BLU-RAY DISC PLAYER DMP-BD50 FACT SHEET

BD-Live

The DMP-BD50's Ethernet terminal is a gateway for Internet connection, which paves the way to an entirely new form of movie-plus-Internet entertainment. In the future, BD-Live users will be able to participate in quizzes and challenge each other to interactive games that are linked to bonus movie content on BD discs. BD-Live also supports other interactive functions, such as Picture-in-Picture and Audio Mixing.

Interactive Functions

Picture-In-Picture


With Picture-in-Picture, a small sub-window is displayed over the main image. There are four examples of Picture-in-Picture modes, each offering distinct functions. They include Enhanced Commentary, Backstage Pass Function, Peek Behind The Animation and Audio Mixing.

Enhanced Commentary*

BD media goes considerably beyond the kind of audio commentary provided in many DVD movies, such as a director discussing the film. Enhanced Commentary makes it possible, for example, for the director or actors to appear in the sub-window (as if they are standing in front of the screen) and point to actors or equipment as they make their comments.

Backstage Pass Function*

This lets you access additional information provided about people, places or things in a BD movie. Use the remote control to select an element highlighted on the screen, and a sub-window opens with the information. For example, there could be notes about the clothing or accessories an actor is wearing or the restaurant in which a scene is set.

Peek Behind The Animation*

While playing back a movie with dubbed-in voices for example, a feature-length animation this feature lets you watch in a sub-window as the actors read their parts. You can see the actors' gestures and expressions as they speak, giving you an inside look at a whole facet of moviemaking you've never seen before.

Audio Mixing*

The Audio Mixing function lets you choose which soundtrack to listen to: the one from the content playing in the main window, the one from the sub-window, or both at the same time. The sub-window soundtrack can also be reproduced in 5.1-channel surround sound.

*Depending upon program contents.

Other BD-Live Possibilities

The future is expected to bring a host of imaginative new features. For example, the DMP-BD50 will be able to connect directly to the Internet and download additional content from Websites to an SD Memory Card for more viewing and playing enjoyment.

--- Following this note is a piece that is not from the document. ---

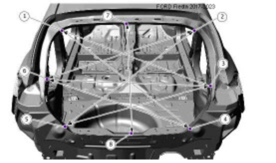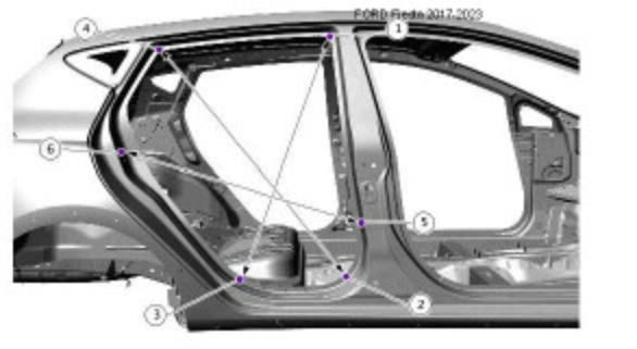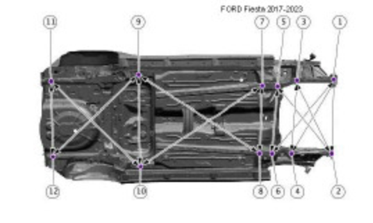 Контрольные кузовные размеры Fiesta 2017-2021-2023 из официального руководства по ремонту кузова. В том числе диагональные размеры проемов кузова и контрольные точки для восстановления геометрии кузова.

HIGH-DEFINITION PICTURE AND SOUND QUALITY

UniPhier®
Combining a PHL Reference Chroma Processor with advanced P4HD imaging technology, Uniphier, the Precise Digital Video processor reproduces crisp, natural colors that are extremely faithful to the original movie. The beautiful images are complemented by an exceptionally pure, accurate sound achieved through Audio Re-master and other leading-edge audio technologies. Uniphier reflects the advanced encoding and authoring technologies developed by Panasonic Hollywood Laboratory (PHL) in collaboration with film industry professionals. With Uniphier at its heart, the DMP-BD50 provides a level of image and sound quality that meets Hollywood's stringent demands so you experience movies just the way they were meant to be experienced.

Precise Digital Video
PHL Reference Chroma Processor
The PHL Reference Chroma Processor up-samples (4:2:0 to 4:2:2) the color information in decoded video signals. Using proprietary Panasonic technology, this innovative circuit faithfully reproduces the fine details and nuances of Blu-ray video streams that have been recorded with high quality image compression system. It generates images with all the clarity and depth that BD-Video movies have to offer.

P4HD (Pixel Precision Progressive Processing for HD)
To get the best HD images from a BD-Video disc, you need a player that renders high-quality progressive images, expresses motion smoothly, and draws sharp diagonal lines. The DMP-BD50's P4HD processes more than 15 billion pixels per second and applies the optimum processing to every pixel in the video data on the disc. The result is images with exceptional resolution.

Deep Color*
The DMP-BD50's HDMI output is Deep Color compatible. While the earlier HDMI V.1.2 offers 8-bit, 256-step gradation on 4:4:4, HDMI V.1.3 enables video signals to be sent on 12-bit, 4,096-step gradation at any format. This helps the DMP-BD50 reproduce natural looking colors with smooth gradation and minimal color banding.
*An HDMI V.1.3 compatible TV is required.

1080/24p Playback
The DMP-BD50 provides 1080/24p output (via HDMI) for Blu-ray titles and DVD titles. It reproduces movie images from a Blu-ray Disc in their original 24p form, with no need for conversion.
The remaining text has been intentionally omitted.